Christian folkster Shawn McDonald had a hard time defining the scope of his craft with his first few albums, but Roots, his third full-length, more than rectified that.
None of those several early releases -- a prolific mix of studio, live, and ancillary EPs -- quite captured his essence.
They were too somber, too eager, too slow, or just plain too simplistic to sustain interest for an entire album's duration.
Roots brings all of those elements together with far more focus and balance, adding a healthy dose of his trippy folk-pop approach and a dash of organic soul to create McDonald's most accomplished album to date.
His ruminations are still psalm-like and worshipful, but the sonic palette is much more varied, as evidenced in the title track, a near-tribal mood piece that seems like a stripped-down b-side from Radiohead's Hail to the Thief sessions.
That's as progressive as things get, but McDonald is by no means complacent with everything else.
Pre-Roots, an acoustic-only number from the singer/songwriter could easily devolve into an overlong coffeehouse piece, but here those fingerpicked moments, like the quirky "Slow Down," are never boring or routine.

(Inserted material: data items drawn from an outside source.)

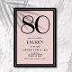 Invitation 80th Birthday Women's Modern Minimal Black Pink
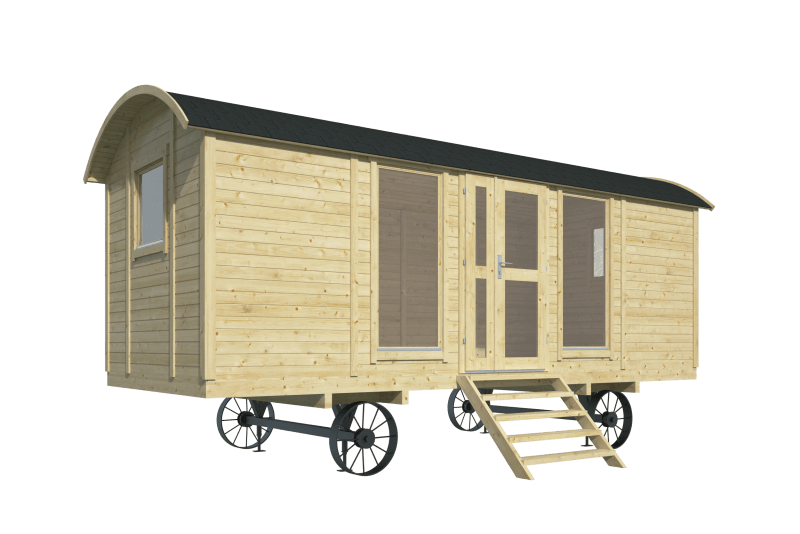 Suchen Sie nach einer praktischen und vielseitigen Lösung für Ihre Outdoor-Bedürfnisse? Unser Camping-Zirkuswagen Barby, als Bausatz aus 19 mm Fichtenholz , ohne Räder - Set, ist eine ausgezeichnete Wahl! Grösse 600 x 240 cm x 354 cm hoch auf Räder, 2 Fenster fest + 2 Fenster zum öffnen + 1 Doppeltür.
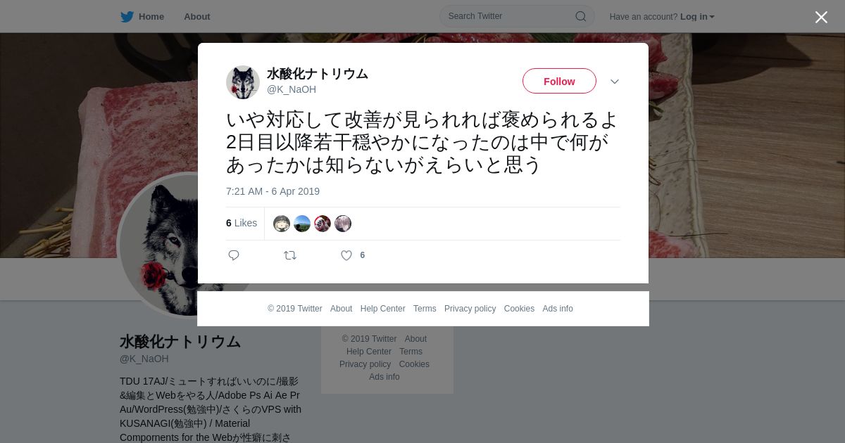 取得元URL: https://twitter.com:443/K_NaOH/status/1114533552710774785
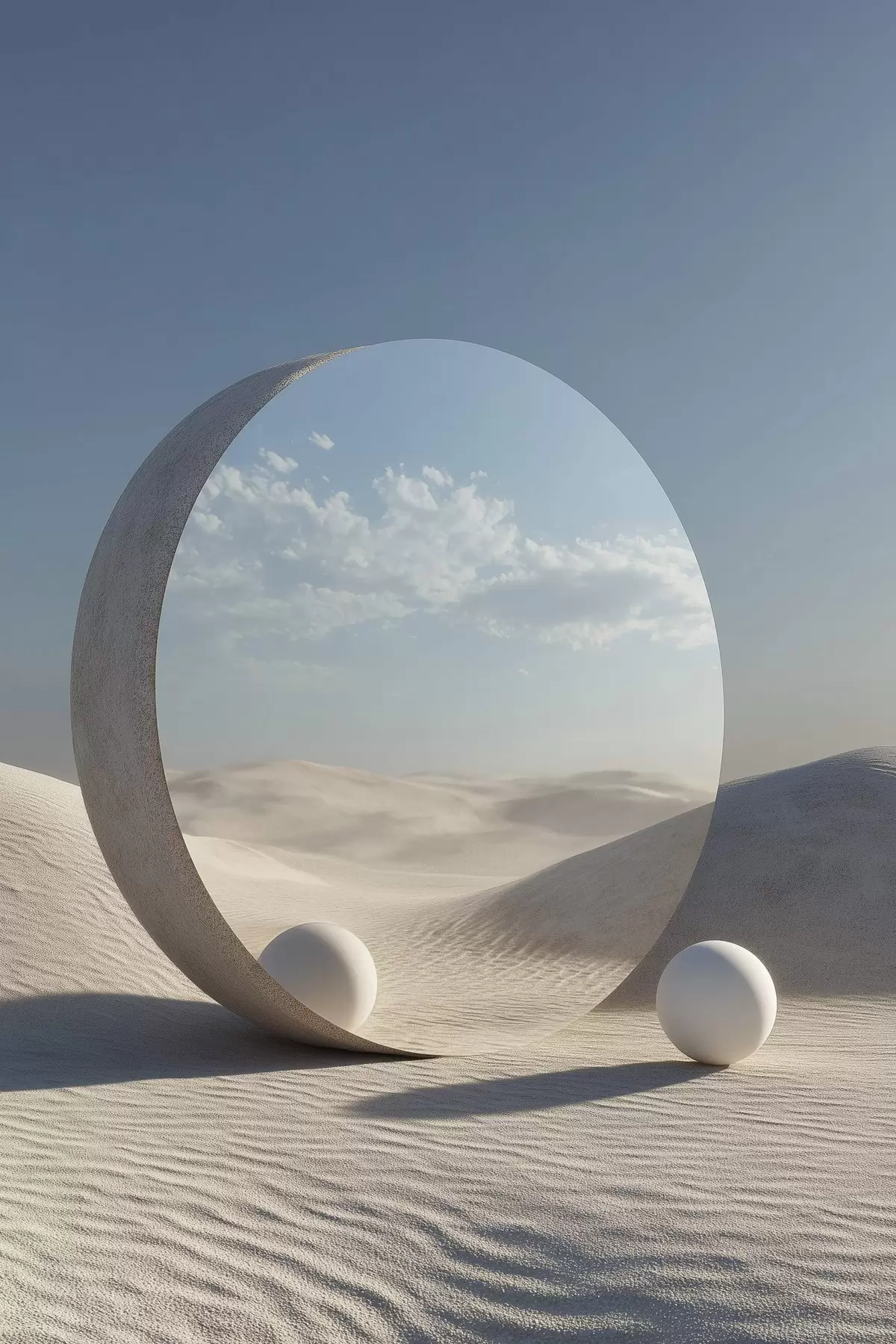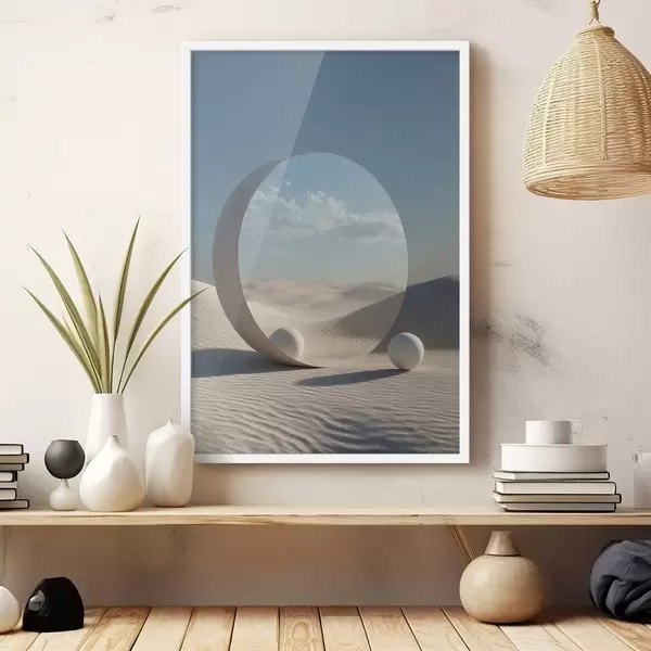 Poster Surrealista paisaje desértico con un espejo redondo que refleja el cielo y la luna Nr f44792
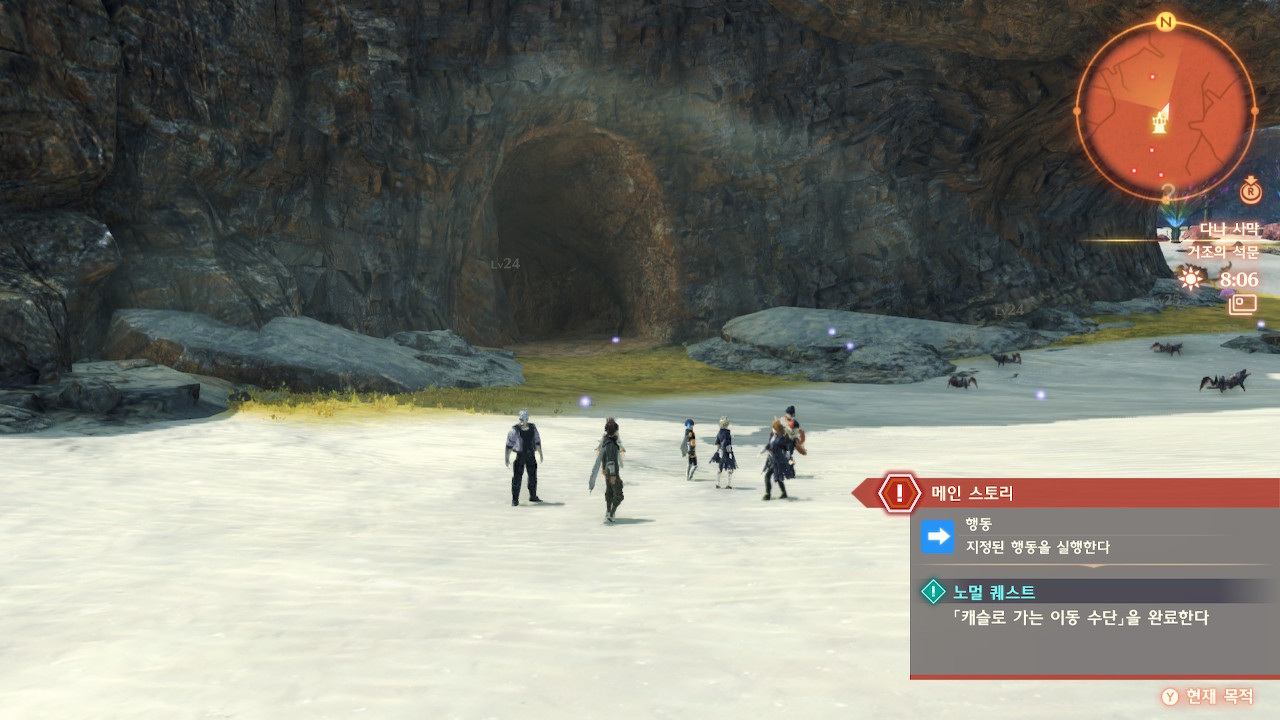 패스트 트래블 이용 후 좌측을 보면 동굴이 보이고, 이 동굴을 따라 계속해서 이동하세요.

If anything, it seems like McDonald has learned that less is more shouldn't mean tedious, but an opportunity to let nuance, not numbness, do the trick.
He still entertains a certain rhythmic sensibility in the way he incorporates loops and blips into the more uptempo tracks -- kind of like more trip-hoppish Jack Johnson -- but now there's a certain jazziness running throughout, enlivened by wistful strings and miscellaneous aural tricks by producer Christopher Stevens.
Roots is a bohemian alt pop disc through and through -- so atypical of the Christian singer/songwriter tradition that it could easily appeal to those not normally attuned to mainline CCM.